Des organisations plus horizontales

Le manager clé de voûte historique de l’entreprise est-il remis en question?

Force est de constater que l’organisation du travail a connu ces dernières années des transformations : la prise de décision, la récolte et l’analyse des informations descendantes ou ascendantes, leur distribution… étaient l’apanage du manager.

La révolution digitale est passée par là avec pour conséquence l’horizontalisation des organisations.
L’information circule, se répand dans tous les sens instantanément. Le delayering s’impose toujours plus : on parle d’organisation collaborative, ouverte, agile.
Et comme symptôme palpable, après l’open-space, c’est le coworking qui est apparu : même entre les entreprises, on abat les cloisons.

Le but de cette suppression de la hiérarchisation, c’est un besoin de simplifier l’organisation, et d’obtenir un gain de productivité, de réactivité.
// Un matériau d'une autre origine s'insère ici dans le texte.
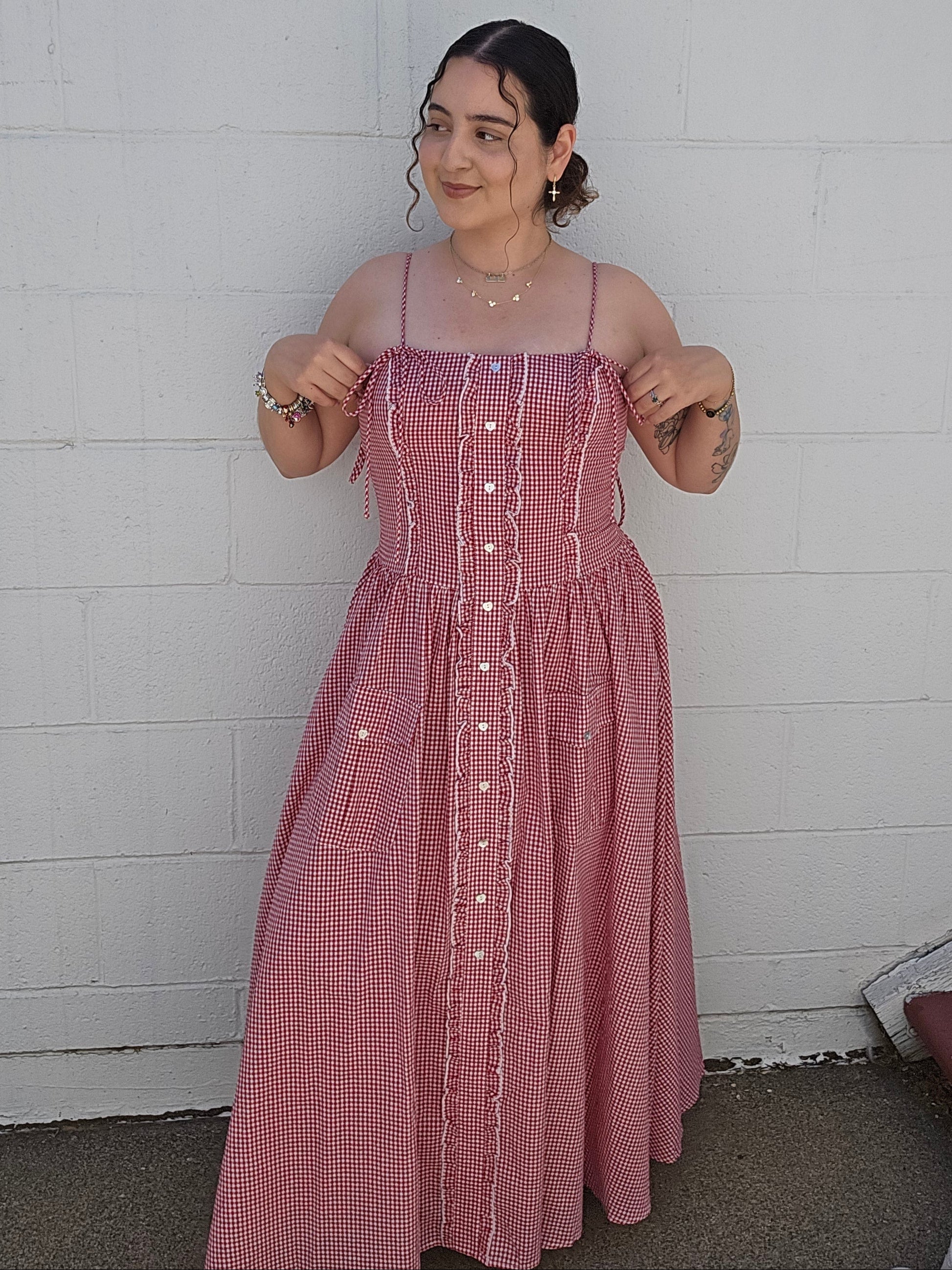 Ruffle Placket Gingham Midi Dress with Front Pockets and Heart Buttons
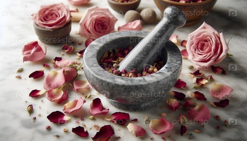 Молотком и пистолетом, измельчая сушеные листья роз в порошок, Ai created image
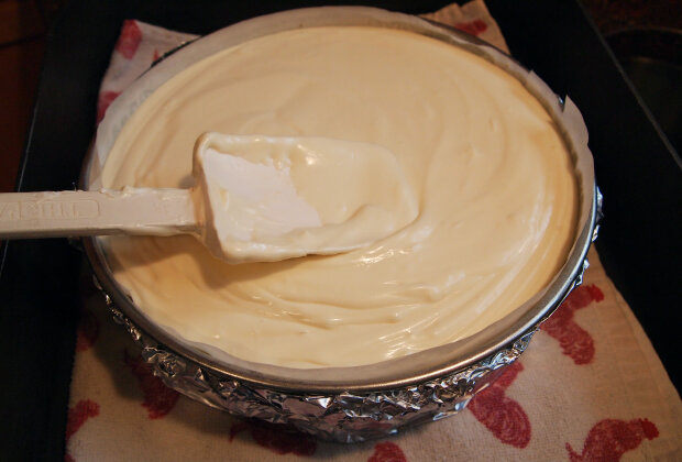 Těsto nalijte do formy vyložené papírem, vložte do předehřáté trouby na 180 stupňů a pečte asi 30 minut.
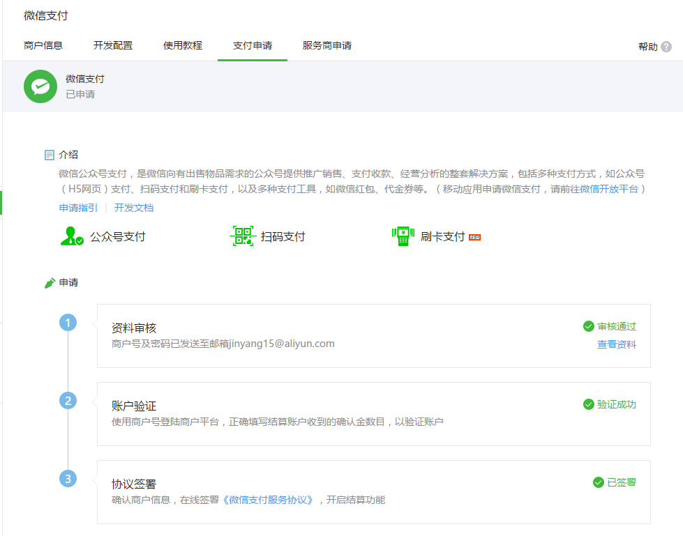 1、 你的公眾號,在支付認證的標簽下, 內容應該和下圖類似。證明公眾號已經完成了認證和合約的簽署。
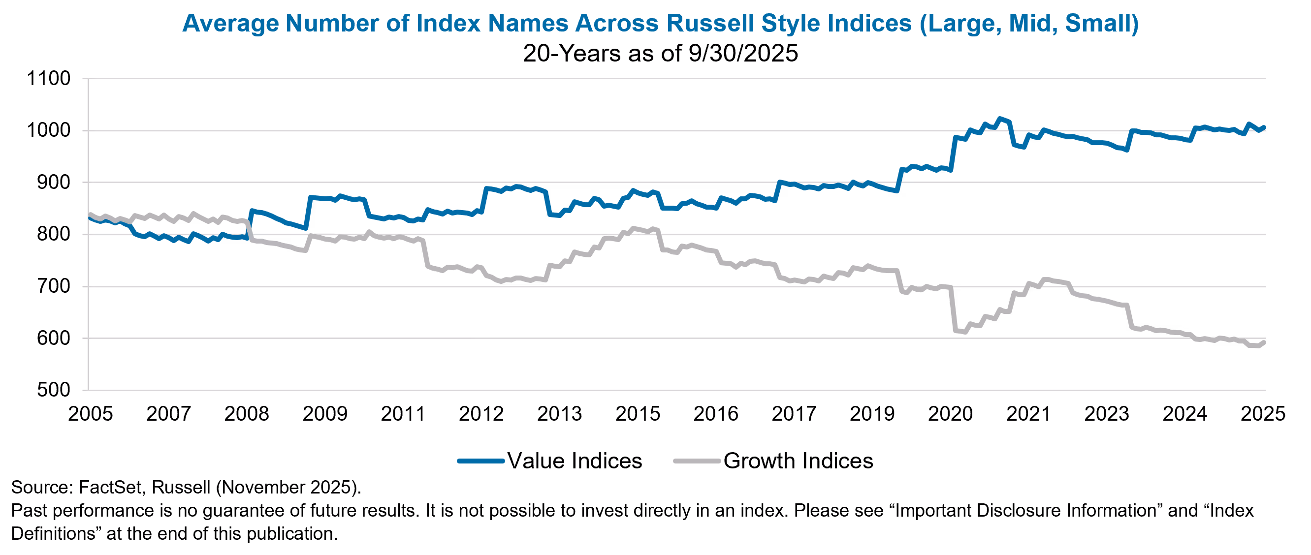 Although the increased concentration is often viewed as a large-cap phenomenon, the data below further shows that both small- and mid-cap growth indices have also seen a significant decline in the number of constituents, along with a rising share of weight in their top 10 holdings. In aggregate, it has had the opposite impact on the value side of the coin.
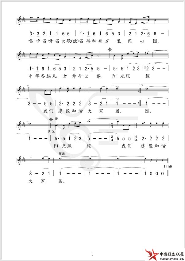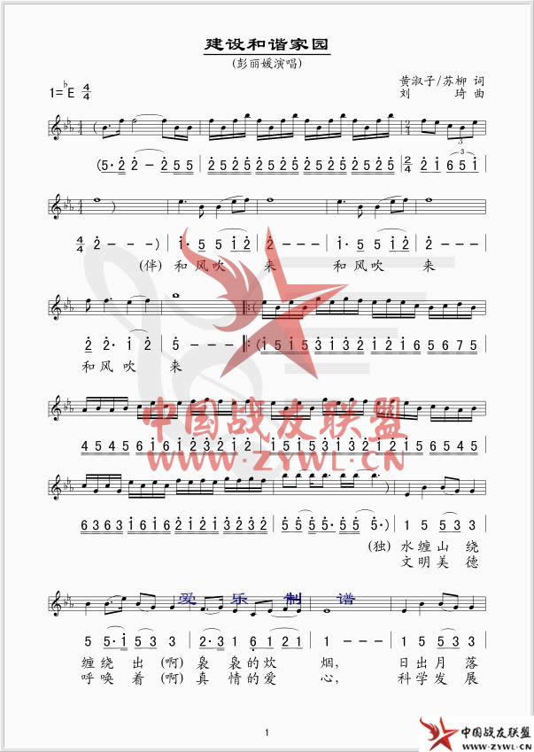 建设和谐家园 线、简谱混排版

En mettant tout le monde au même niveau, on renforce le sentiment d’appartenance, on dynamise le corporate, stimulant ainsi la participation et la créativité des équipes… Avec à la clef l’émergence d’idées, d’innovations, tant dans ce qui est produit que dans la façon de le produire.

Des enjeux d’innovation

L’innovation commence toujours par une impertinence

 

Dans cette petite phrase de Pascal Picq, paléoanthropologue, il faut comprendre qu’une bonne idée peut émerger d’un collaborateur qui, dans une logique ancienne, n’aurait pas eu son mot à dire.
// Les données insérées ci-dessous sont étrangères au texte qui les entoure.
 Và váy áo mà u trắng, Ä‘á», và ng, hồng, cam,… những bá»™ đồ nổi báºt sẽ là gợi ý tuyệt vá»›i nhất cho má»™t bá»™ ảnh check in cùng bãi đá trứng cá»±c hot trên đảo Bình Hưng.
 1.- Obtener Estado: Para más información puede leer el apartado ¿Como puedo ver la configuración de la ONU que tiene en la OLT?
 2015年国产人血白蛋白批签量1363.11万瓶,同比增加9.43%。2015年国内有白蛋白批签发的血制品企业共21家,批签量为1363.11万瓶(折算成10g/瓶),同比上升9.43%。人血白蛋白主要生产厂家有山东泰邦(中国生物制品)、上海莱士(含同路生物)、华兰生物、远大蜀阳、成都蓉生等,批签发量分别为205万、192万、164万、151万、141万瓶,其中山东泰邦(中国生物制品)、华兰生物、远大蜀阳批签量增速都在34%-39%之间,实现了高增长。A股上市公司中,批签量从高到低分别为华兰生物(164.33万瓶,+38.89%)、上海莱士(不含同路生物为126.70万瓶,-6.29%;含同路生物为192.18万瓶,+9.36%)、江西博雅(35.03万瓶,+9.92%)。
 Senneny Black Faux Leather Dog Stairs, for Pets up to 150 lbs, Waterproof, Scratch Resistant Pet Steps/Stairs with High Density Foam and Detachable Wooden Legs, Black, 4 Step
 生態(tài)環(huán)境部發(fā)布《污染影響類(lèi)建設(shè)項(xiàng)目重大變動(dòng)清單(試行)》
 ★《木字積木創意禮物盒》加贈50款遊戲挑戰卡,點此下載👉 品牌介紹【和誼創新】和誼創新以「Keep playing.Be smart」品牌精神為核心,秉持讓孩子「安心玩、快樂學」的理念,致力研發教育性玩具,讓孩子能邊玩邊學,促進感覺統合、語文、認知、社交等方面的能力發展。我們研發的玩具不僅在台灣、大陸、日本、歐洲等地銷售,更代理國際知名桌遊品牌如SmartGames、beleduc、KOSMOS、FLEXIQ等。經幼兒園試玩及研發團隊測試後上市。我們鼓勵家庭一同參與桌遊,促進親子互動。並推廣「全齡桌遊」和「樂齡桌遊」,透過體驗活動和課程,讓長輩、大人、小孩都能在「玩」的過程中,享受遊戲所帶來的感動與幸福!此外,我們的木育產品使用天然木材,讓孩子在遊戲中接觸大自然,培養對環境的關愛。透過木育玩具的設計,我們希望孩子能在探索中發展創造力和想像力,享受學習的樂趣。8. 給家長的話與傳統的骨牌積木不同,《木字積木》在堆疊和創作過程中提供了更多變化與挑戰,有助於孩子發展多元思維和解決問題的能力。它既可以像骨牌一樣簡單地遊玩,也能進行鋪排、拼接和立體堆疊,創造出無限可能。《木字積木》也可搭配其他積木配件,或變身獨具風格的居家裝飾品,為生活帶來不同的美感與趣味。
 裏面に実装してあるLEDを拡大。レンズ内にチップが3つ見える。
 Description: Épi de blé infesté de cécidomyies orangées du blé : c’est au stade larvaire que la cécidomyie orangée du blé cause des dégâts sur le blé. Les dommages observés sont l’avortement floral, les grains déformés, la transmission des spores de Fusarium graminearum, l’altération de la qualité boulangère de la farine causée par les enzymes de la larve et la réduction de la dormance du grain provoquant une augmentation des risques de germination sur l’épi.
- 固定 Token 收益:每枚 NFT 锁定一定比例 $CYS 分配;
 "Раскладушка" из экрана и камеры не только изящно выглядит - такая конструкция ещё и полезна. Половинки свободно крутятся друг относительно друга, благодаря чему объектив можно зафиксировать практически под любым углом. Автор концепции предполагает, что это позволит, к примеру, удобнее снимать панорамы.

Google encourage son personnel à passer 20% de son temps sur des projets parallèles, à expérimenter ses idées. Pour résultat, Googletalk, Googlemap et Googlenews sont des idées qui émergent des employés.

Dans un registre plus burlesque, de la plateforme de suggestions en ligne de British Airways a émergé l’idée de détartrer les conduits sanitaires des avions pour les alléger. Saugrenu ? Certes, mais aussi 800 000 € d’économies par an pour la compagnie.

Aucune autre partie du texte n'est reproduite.